* TASK TO CARRY OUT
Without the pictures, set down everything in the listing exactly.

* SOURCE MATERIAL
• • • •

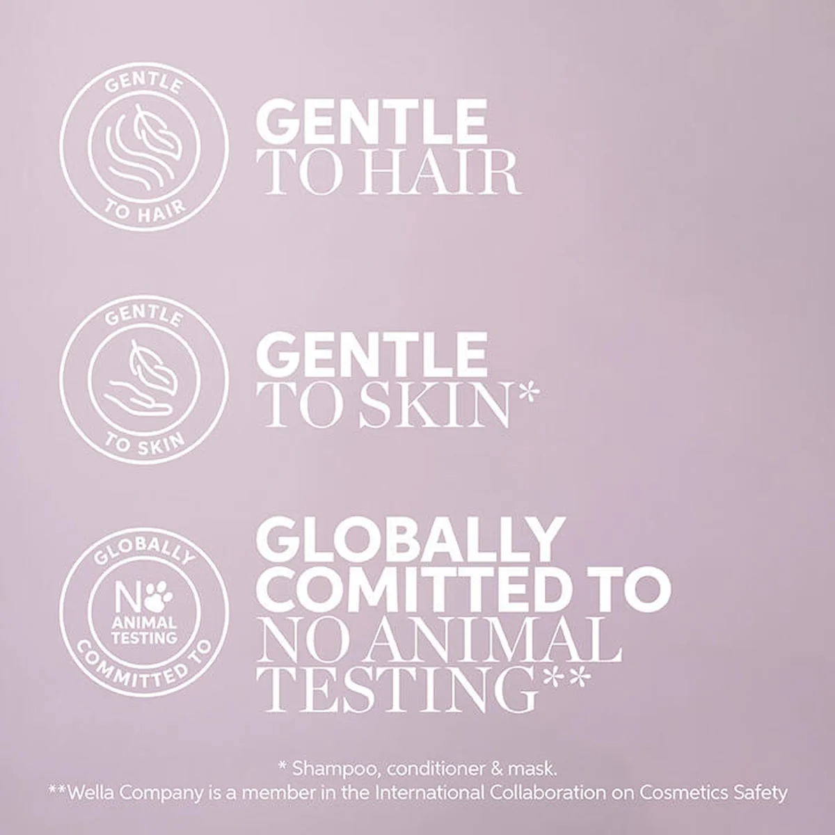 The formula is supercharged with the renowned WellaPlex Bonding Agent, which actively reconstructs broken inner hair bonds to make strands stronger and more resilient against breakage. It works in harmony with a Hair Surface Polisher that smooths the cuticle for dazzling light reflection. Designed to encapsulate metals and protect against free radicals, it delivers up to 8 weeks of color protection while leaving hair significantly stronger from root to tip.
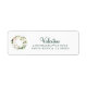 Weiße Blumengrün Aquarellkranz, Rücksendetikett. Elegantes Typografie-Design mit smaragdgrüner Schrift und mutigen Schriftart.
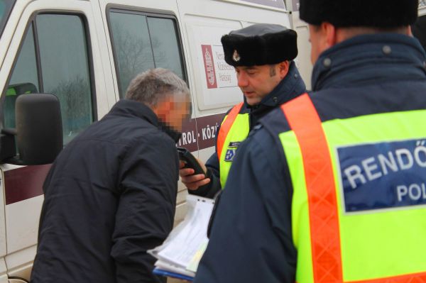 Négy rendőrautó, parkoló járművek, intézkedő egyenruhások: már távolról látszott a közlekedési akció. Egy 16 méteres, 430 lóerős Ivecot is megvizsgáltak a rendőrök, s a raktér sem kerülte el a figyelmüket.
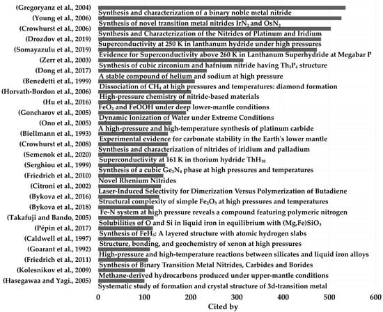 The most cited of these articles focused on the synthesis of binary metal nitrides, rare-earth hydrides, and diamond. The 28 most cited articles published to date are listed in Figure 3, together with their authors and topics; each of these had a minimum of 100 citations.
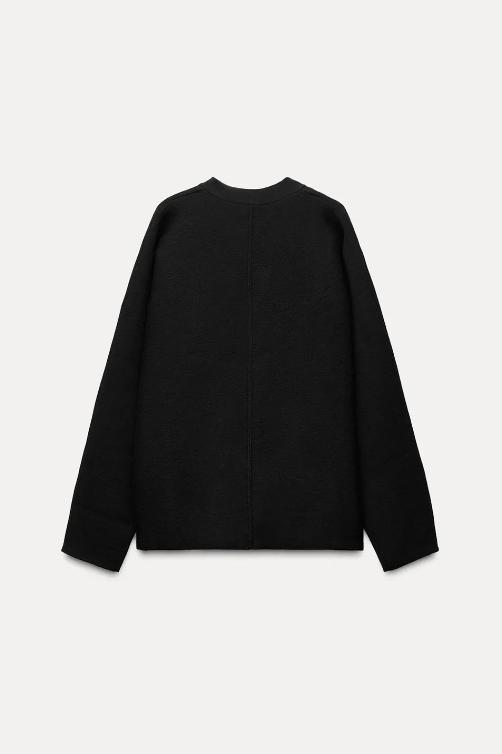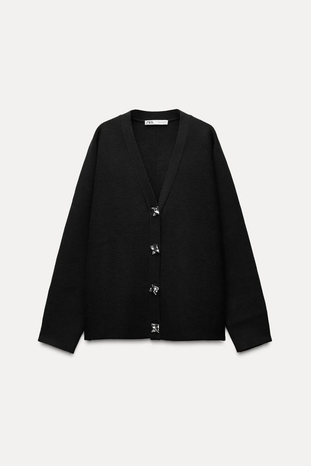Chaqueta amplia de escote pico y manga larga. Cierre frontal con botones metálicos con relieve.
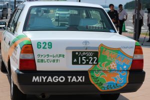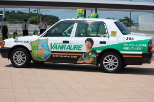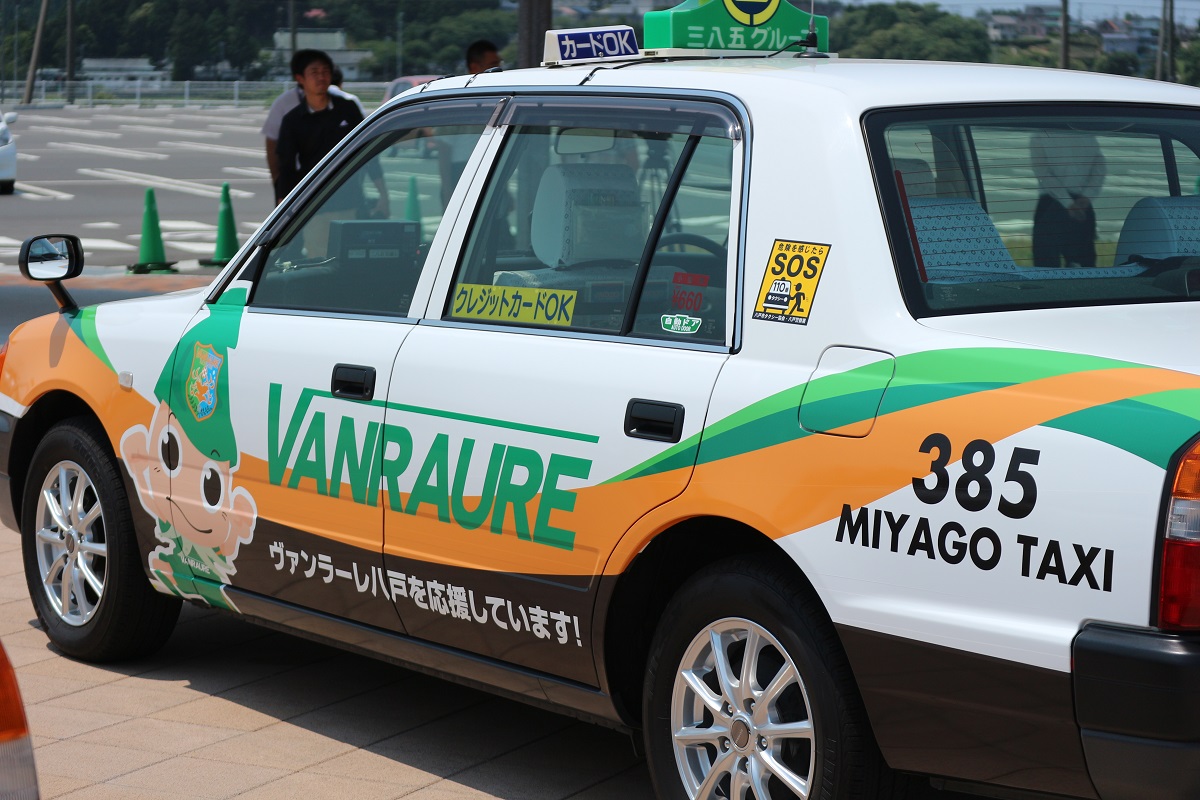 「ヴァンラーレ八戸応援ラッピングタクシー」のお披露目が
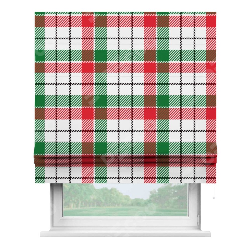 Римская штора производителя «Cortin», используется для проёма, пошита из ткани блэкаут с нанесением сублимационной печати «Трёхцветная клетка». Имеет универсальный механизм и подходит для монтажа: на потолок, на стену и в нишу.
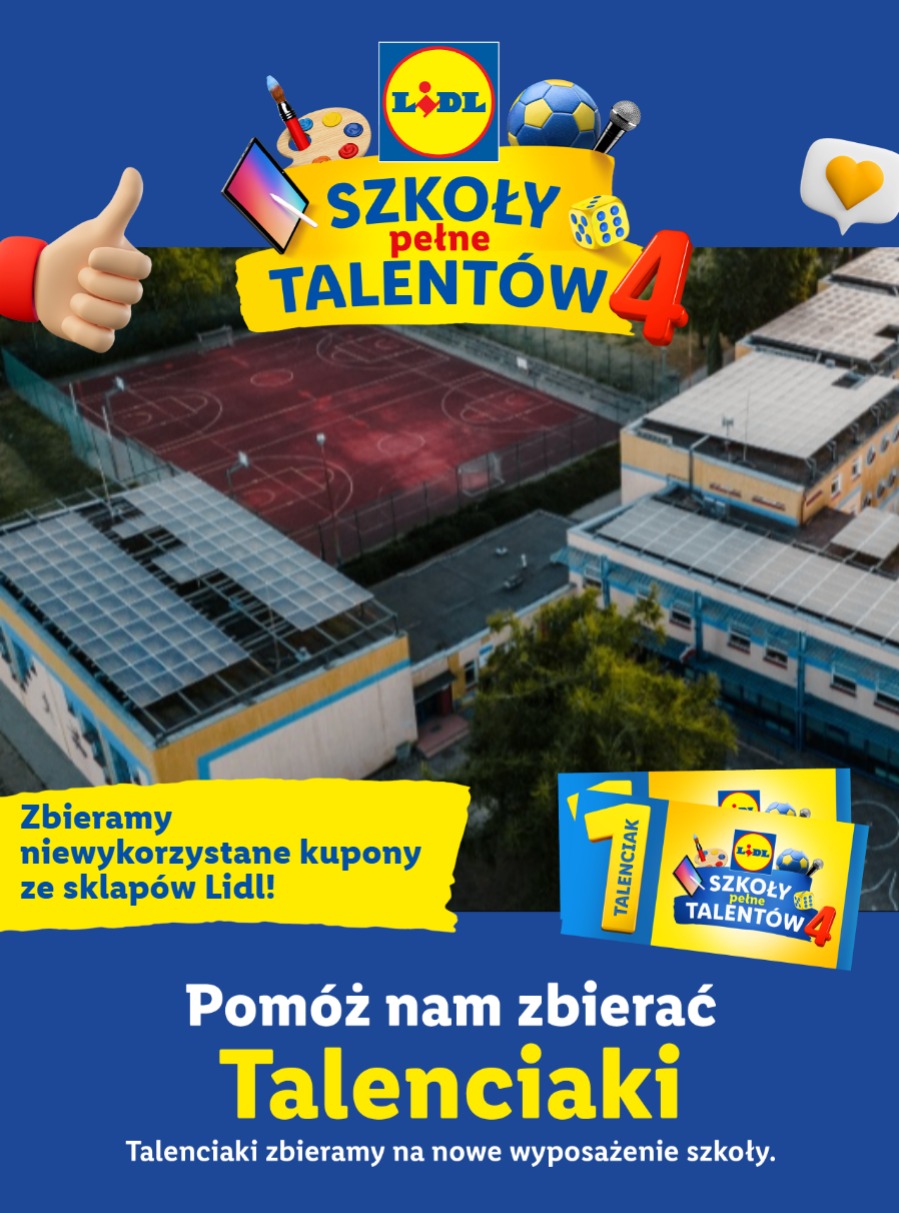 Kupony otrzymane podczas zakupów w sklapach Lidl można przynosić do szkoły i wrzucić do specjalnych "skarbonek" przy wejściu do szkoły, w świetlicy, przedszkolu i sekretariacie LUB samodzielnie zeskanować i dodać bezpośrednio na konto naszej szkoły w akcji: https://szkoly.lidl.pl/Talenciaki/daneSzkoly/87040009810
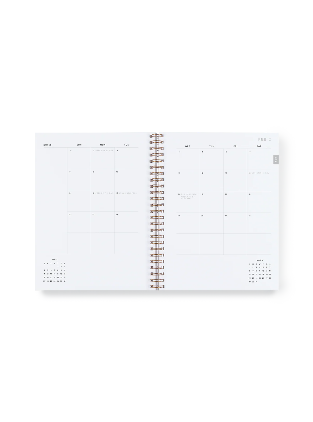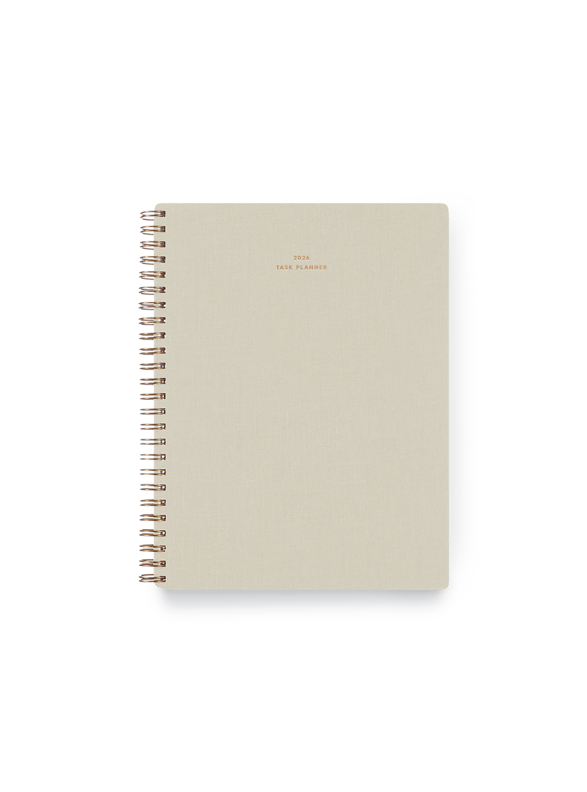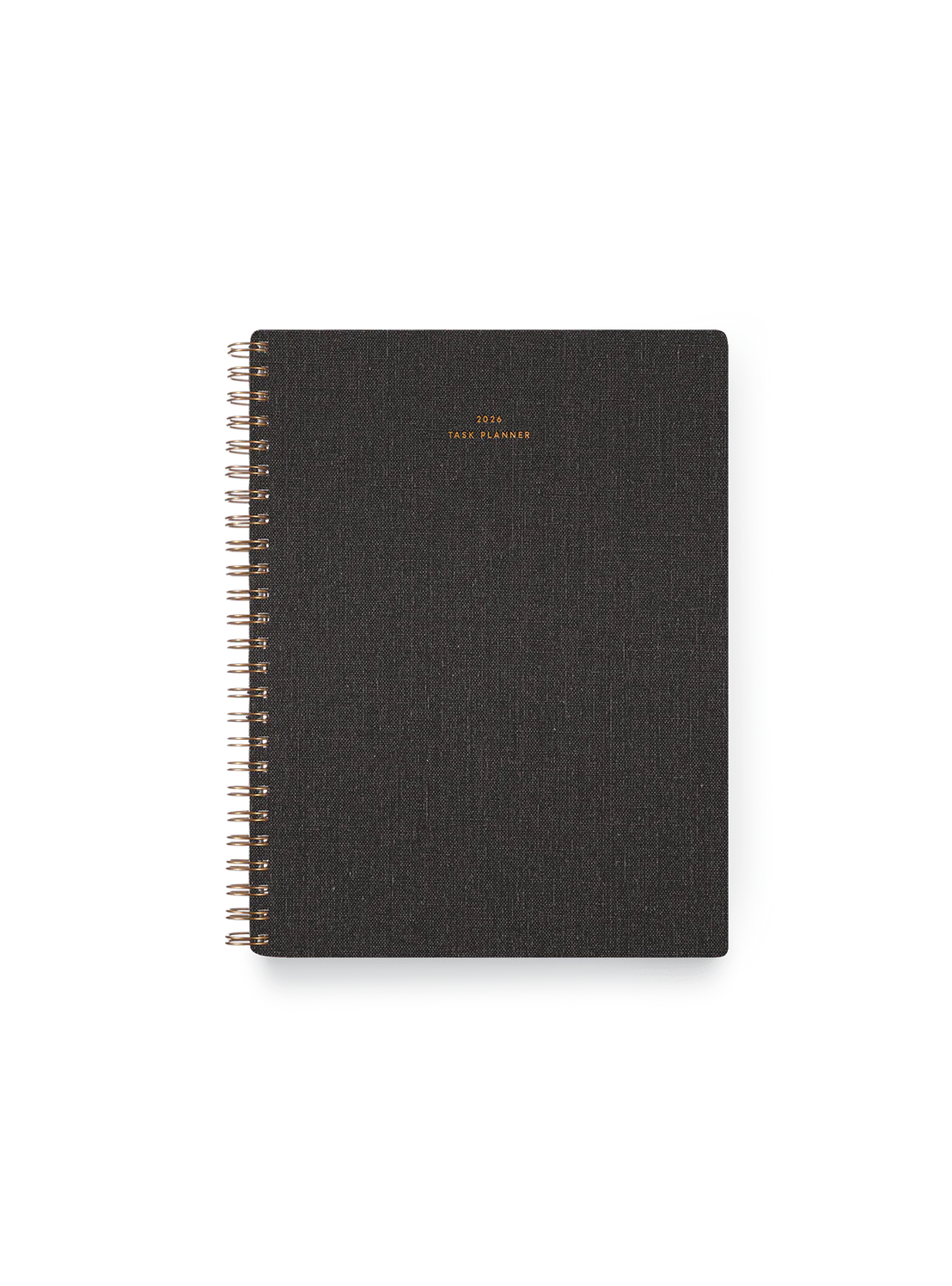 A smaller size of Appointed's Year Task Planner the 6.5" x 8.5" Compact Task Planner is designed with extra notes pages for the ideal notebook-planner hybrid. Featuring monthly and weekly layouts with coordinating tasks, plenty of lined pages, and a portable, throw-it-in-your-bag size, this planner is sure to become an indispensable tool for staying organized on the go. Plus, it's American-made with water-resistant cotton bookcloth covers and smooth 70 lb paper. Never miss a beat with this planner perfect for students, creatives, and more.
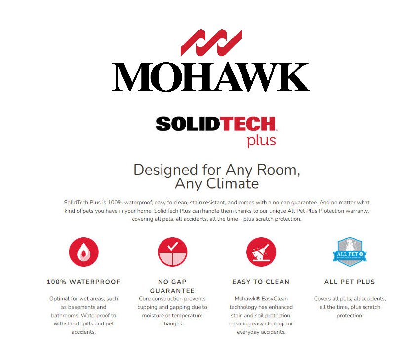 SolidTech Plus is 100% waterproof, easy to clean, stain resistant, and comes with a no gap guarantee. And no matter what kind of pets you have in your home, SolidTech Plus can handle them thanks to our unique All Pet Plus Protection warranty, covering all pets, all accidents, all the time – plus scratch protection.
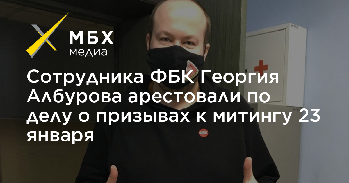 Мещанский суд Москвы арестовал сотрудника ФБК Георгия Албурова на 10 суток по делу о призывах к митингу 23 января. Об этом «МБХ медиа» сообщили в пресс-службе суда.
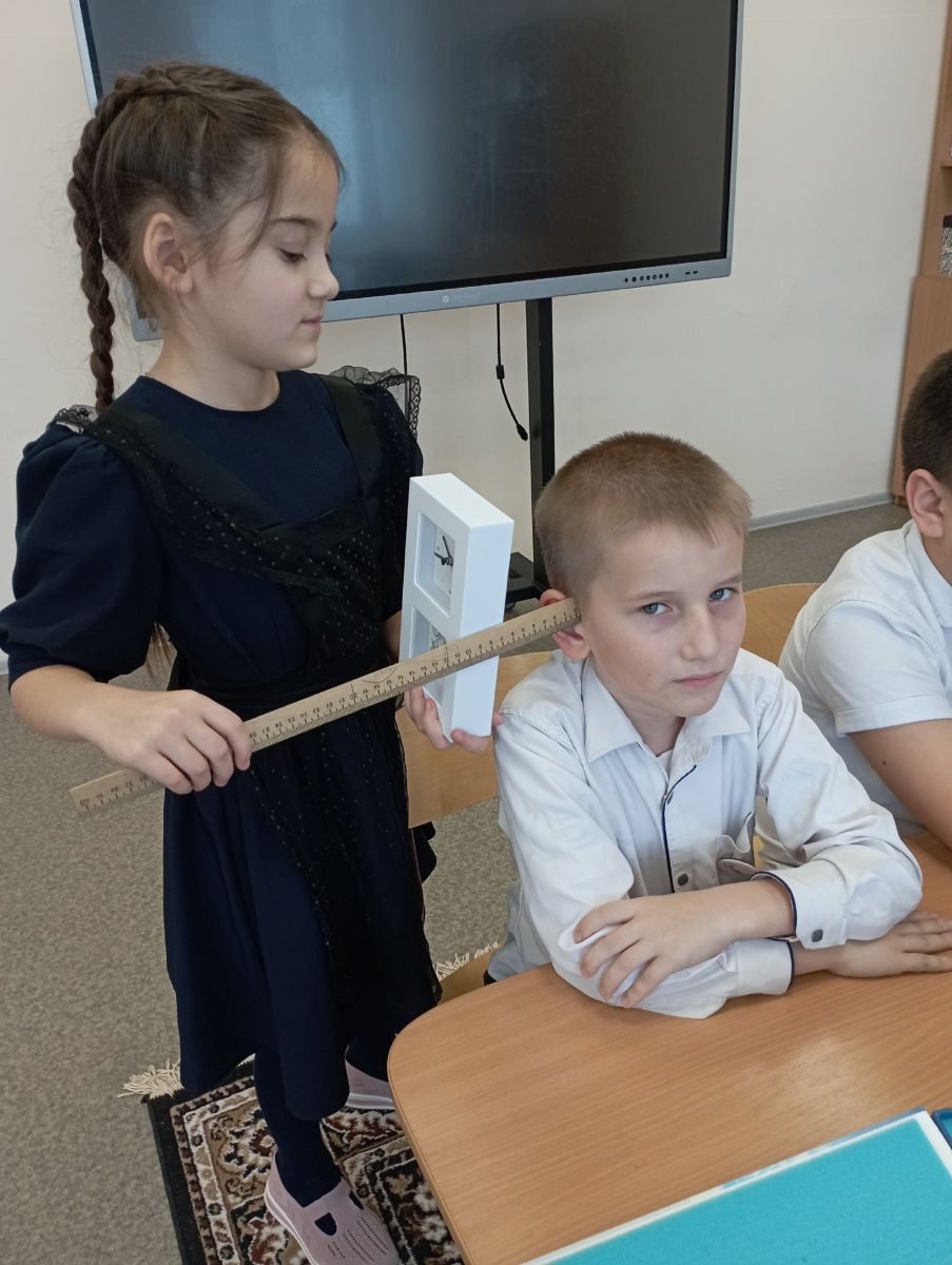 Обучающиеся 2 класса (кл.руководитель Сулейманова Л.Т.) на занятии внеурочной деятельности естественно-научной грамотности изучали влияние шума на организм человека. Проводили эксперименты. Особый интерес вызвал опыт по изучению остроты слуха с применением механических часов. Исследования шумового загрязнения проводились с использованием оборудование Точка Роста.
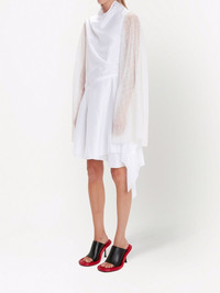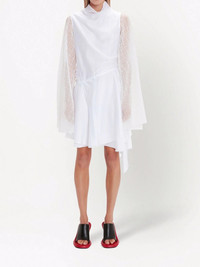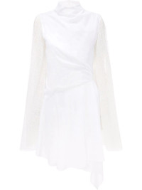 sheer-sleeve asymmetric dress JW Anderson infuses this clean white dress with an ethereal tone in its asymmetric draped design and embroidered sheer sleeves. Highlights - White - Tencel™ blend - Mock neck - Embroidered design - Long sheer sleeves - Draped design - Asymmetric design - Thigh-length Imported Composition TENCEL™ 84%, Polyester 16%
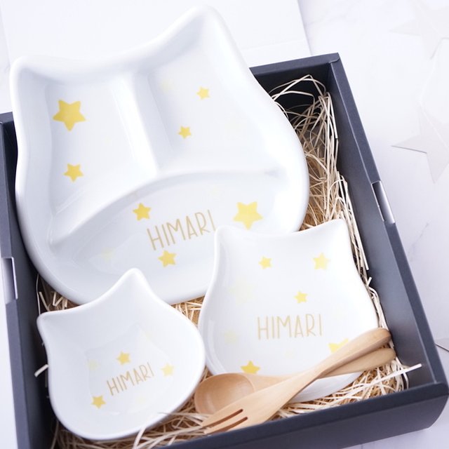 81 Airie 名入れ食器セット ねこ 猫 ベビーキッズ食器3点セット
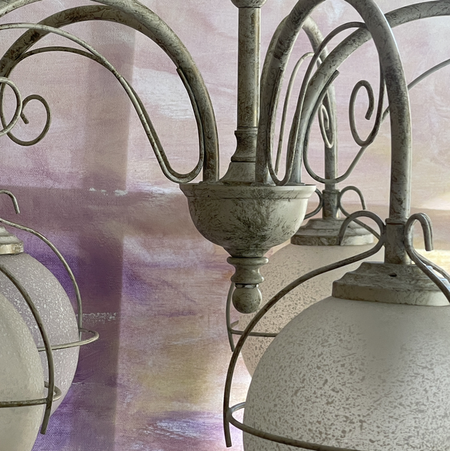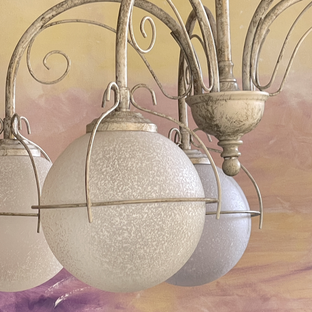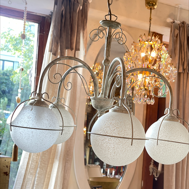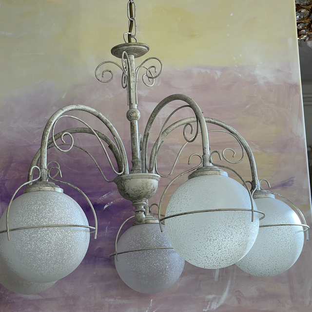Pendelleuchte / Kugellampe/ Deckenlampe mit 5 weißen, mattierten, runden Glasbällen. Der Corpus ist aus Metall und weiss lakiert
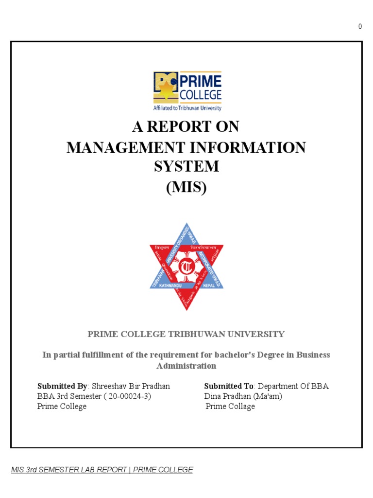 MIS 3rd SEMESTER LAB REPORT | PRIME COLLEGE

• • • •

* FINAL ANSWER
 The formula is supercharged with the renowned WellaPlex Bonding Agent, which actively reconstructs broken inner hair bonds to make strands stronger and more resilient against breakage. It works in harmony with a Hair Surface Polisher that smooths the cuticle for dazzling light reflection. Designed to encapsulate metals and protect against free radicals, it delivers up to 8 weeks of color protection while leaving hair significantly stronger from root to tip.
 Weiße Blumengrün Aquarellkranz, Rücksendetikett. Elegantes Typografie-Design mit smaragdgrüner Schrift und mutigen Schriftart.
 Négy rendőrautó, parkoló járművek, intézkedő egyenruhások: már távolról látszott a közlekedési akció. Egy 16 méteres, 430 lóerős Ivecot is megvizsgáltak a rendőrök, s a raktér sem kerülte el a figyelmüket.
 The most cited of these articles focused on the synthesis of binary metal nitrides, rare-earth hydrides, and diamond. The 28 most cited articles published to date are listed in Figure 3, together with their authors and topics; each of these had a minimum of 100 citations.
Chaqueta amplia de escote pico y manga larga. Cierre frontal con botones metálicos con relieve.
 「ヴァンラーレ八戸応援ラッピングタクシー」のお披露目が
 Римская штора производителя «Cortin», используется для проёма, пошита из ткани блэкаут с нанесением сублимационной печати «Трёхцветная клетка». Имеет универсальный механизм и подходит для монтажа: на потолок, на стену и в нишу.
 Kupony otrzymane podczas zakupów w sklapach Lidl można przynosić do szkoły i wrzucić do specjalnych "skarbonek" przy wejściu do szkoły, w świetlicy, przedszkolu i sekretariacie LUB samodzielnie zeskanować i dodać bezpośrednio na konto naszej szkoły w akcji: https://szkoly.lidl.pl/Talenciaki/daneSzkoly/87040009810
 A smaller size of Appointed's Year Task Planner the 6.5" x 8.5" Compact Task Planner is designed with extra notes pages for the ideal notebook-planner hybrid. Featuring monthly and weekly layouts with coordinating tasks, plenty of lined pages, and a portable, throw-it-in-your-bag size, this planner is sure to become an indispensable tool for staying organized on the go. Plus, it's American-made with water-resistant cotton bookcloth covers and smooth 70 lb paper. Never miss a beat with this planner perfect for students, creatives, and more.
 SolidTech Plus is 100% waterproof, easy to clean, stain resistant, and comes with a no gap guarantee. And no matter what kind of pets you have in your home, SolidTech Plus can handle them thanks to our unique All Pet Plus Protection warranty, covering all pets, all accidents, all the time – plus scratch protection.
 Мещанский суд Москвы арестовал сотрудника ФБК Георгия Албурова на 10 суток по делу о призывах к митингу 23 января. Об этом «МБХ медиа» сообщили в пресс-службе суда.
 Обучающиеся 2 класса (кл.руководитель Сулейманова Л.Т.) на занятии внеурочной деятельности естественно-научной грамотности изучали влияние шума на организм человека. Проводили эксперименты. Особый интерес вызвал опыт по изучению остроты слуха с применением механических часов. Исследования шумового загрязнения проводились с использованием оборудование Точка Роста.
 sheer-sleeve asymmetric dress JW Anderson infuses this clean white dress with an ethereal tone in its asymmetric draped design and embroidered sheer sleeves. Highlights - White - Tencel™ blend - Mock neck - Embroidered design - Long sheer sleeves - Draped design - Asymmetric design - Thigh-length Imported Composition TENCEL™ 84%, Polyester 16%
 81 Airie 名入れ食器セット ねこ 猫 ベビーキッズ食器3点セット
Pendelleuchte / Kugellampe/ Deckenlampe mit 5 weißen, mattierten, runden Glasbällen. Der Corpus ist aus Metall und weiss lakiert
 MIS 3rd SEMESTER LAB REPORT | PRIME COLLEGE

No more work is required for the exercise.